| Task to complete |
Keep every word the same. Repeat the records without their images.
Given information: Begin
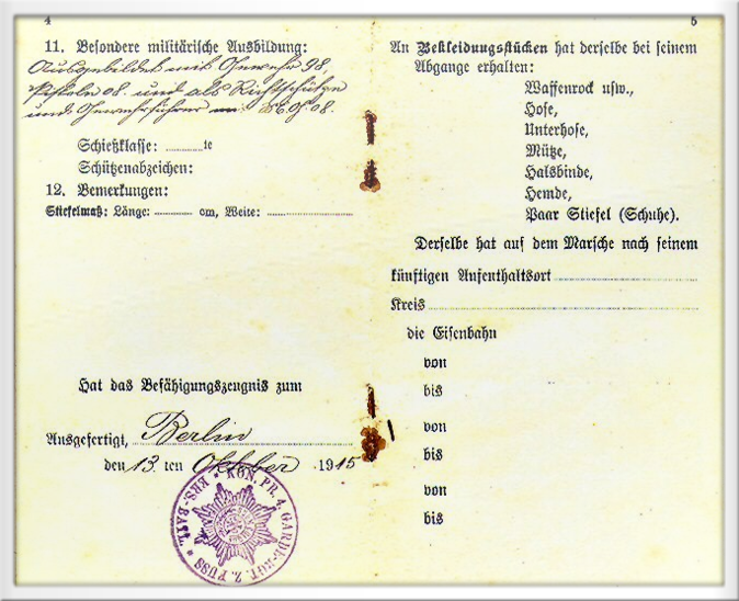 Besondere militärische Ausbildung: Ausbildung mit Gewehr 98, Pistole 08 und als Richtschütze und Gewehrführer mit Maschinengewehr MG 08 in Berlin.
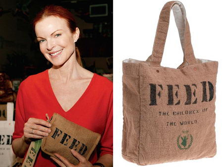 小布什的外甥女Lauren Bush在去年与联合国世界食品计划合作,设计了环保包“Feed 1Bag”,以唤起人们对饥饿儿童的重视,并将出售所得全部捐给WFP以用于在校学生哺养计划(School Feeding Scheme)。环保包的一面以麻布粮食袋制成,另一面则是白色斜纹棉布。每个包上都标有数字“
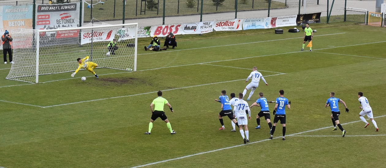 Suwalczanie nie zwalniali tempa i po godzinie gry udało się im wyjść na prowadzenie. Tym razem fatalny błąd przy wyprowadzeniu piłki po podaniu od Adriana Jurkowskiego popełnił bramkarz, Bartłomiej Frasik i nadbiegający Mateusz Lewandowski po raz drugi wpakował piłkę do siatki Hutnika Kraków.
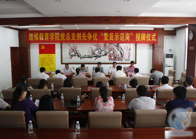 5月17日,我校继续教育学院党总支于行政楼第一会议室举行创先争优“党员示范岗”授牌仪式。校党委副书记韦荣,继续教育学院全体党员,高新区夜校、紫金分校、连平分校负责人出席仪式。
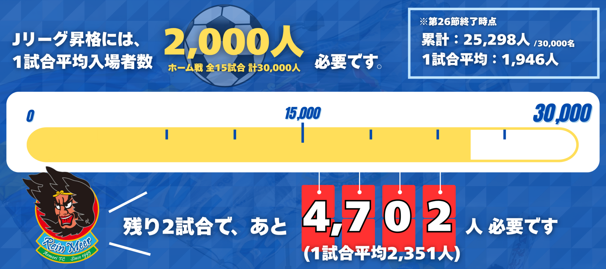 「1試合平均観客動員数2,000人」ホーム15試合で合計30,000人 の観客動員数が必要です。
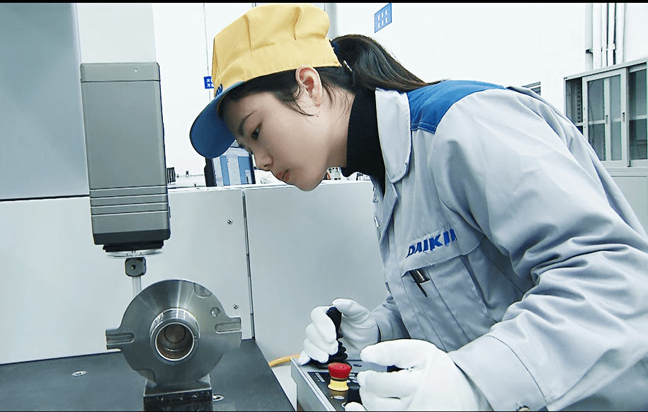 强调人的重要性尽管自动化生产发展到今天,大金在空调的生产制造中,很多环节依然离不开人工。为了成本可控和品质保证,制造马达所需的铜线和铁芯均由大金空调生产制造,前者需要精准控制铜线的粗细、硬度、柔软度以及伸缩率等,有助于积累生产马达的卷线技能;后者为了高速度、高精度进行冲压作业,需要具备模具保养技能。
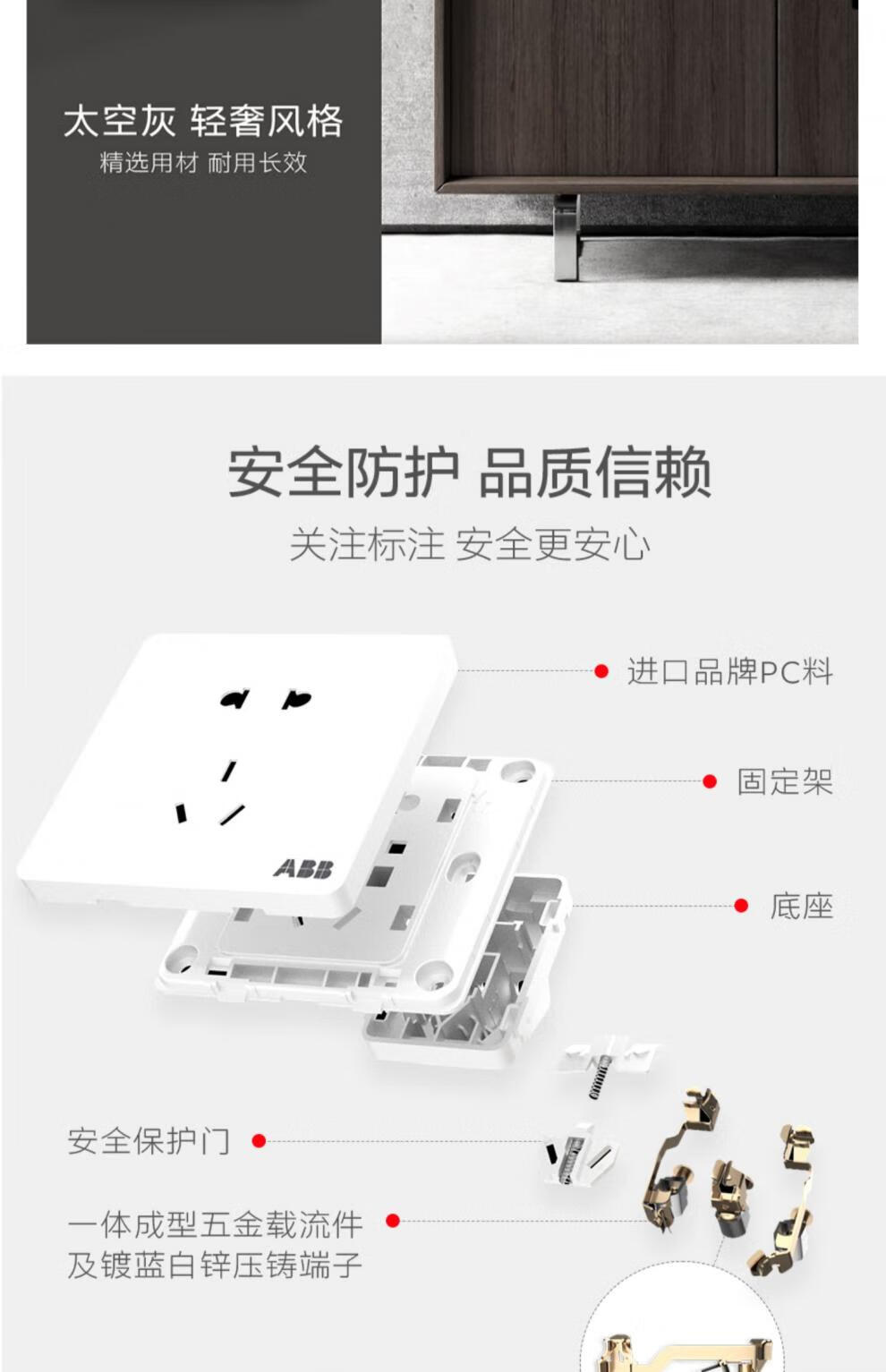 Shantou Lincun ABB switch socket Junzhi space gray one open two open five-hole USB pure flat panel household dark positive five-hole AZ207-MG 1 piece
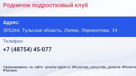 Родничок, подростковый клуб по адресу 301264, Тульская область, Липки, Лермонтова, 14 в дальнейшем Организация, размещена в следующих категориях:
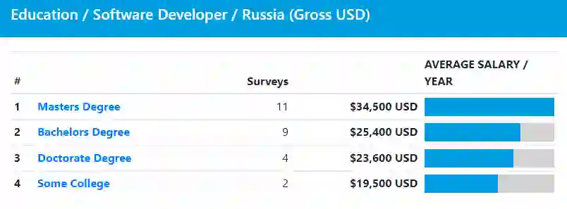 如根据程序员教育水平进行划分,会发现获得硕士学位的人薪酬最高,为 34500 美元(约 21.7 万元人民币),其次是平均年薪为 25400 美元(约 16 万元人民币)的学士学位,学历最高的博士程序员收入却排在第三。
Given information: End
| Output for this exercise |
 Besondere militärische Ausbildung: Ausbildung mit Gewehr 98, Pistole 08 und als Richtschütze und Gewehrführer mit Maschinengewehr MG 08 in Berlin.
 小布什的外甥女Lauren Bush在去年与联合国世界食品计划合作,设计了环保包“Feed 1Bag”,以唤起人们对饥饿儿童的重视,并将出售所得全部捐给WFP以用于在校学生哺养计划(School Feeding Scheme)。环保包的一面以麻布粮食袋制成,另一面则是白色斜纹棉布。每个包上都标有数字“
 Suwalczanie nie zwalniali tempa i po godzinie gry udało się im wyjść na prowadzenie. Tym razem fatalny błąd przy wyprowadzeniu piłki po podaniu od Adriana Jurkowskiego popełnił bramkarz, Bartłomiej Frasik i nadbiegający Mateusz Lewandowski po raz drugi wpakował piłkę do siatki Hutnika Kraków.
 5月17日,我校继续教育学院党总支于行政楼第一会议室举行创先争优“党员示范岗”授牌仪式。校党委副书记韦荣,继续教育学院全体党员,高新区夜校、紫金分校、连平分校负责人出席仪式。
 「1試合平均観客動員数2,000人」ホーム15試合で合計30,000人 の観客動員数が必要です。
 强调人的重要性尽管自动化生产发展到今天,大金在空调的生产制造中,很多环节依然离不开人工。为了成本可控和品质保证,制造马达所需的铜线和铁芯均由大金空调生产制造,前者需要精准控制铜线的粗细、硬度、柔软度以及伸缩率等,有助于积累生产马达的卷线技能;后者为了高速度、高精度进行冲压作业,需要具备模具保养技能。
 Shantou Lincun ABB switch socket Junzhi space gray one open two open five-hole USB pure flat panel household dark positive five-hole AZ207-MG 1 piece
 Родничок, подростковый клуб по адресу 301264, Тульская область, Липки, Лермонтова, 14 в дальнейшем Организация, размещена в следующих категориях:
 如根据程序员教育水平进行划分,会发现获得硕士学位的人薪酬最高,为 34500 美元(约 21.7 万元人民币),其次是平均年薪为 25400 美元(约 16 万元人民币)的学士学位,学历最高的博士程序员收入却排在第三。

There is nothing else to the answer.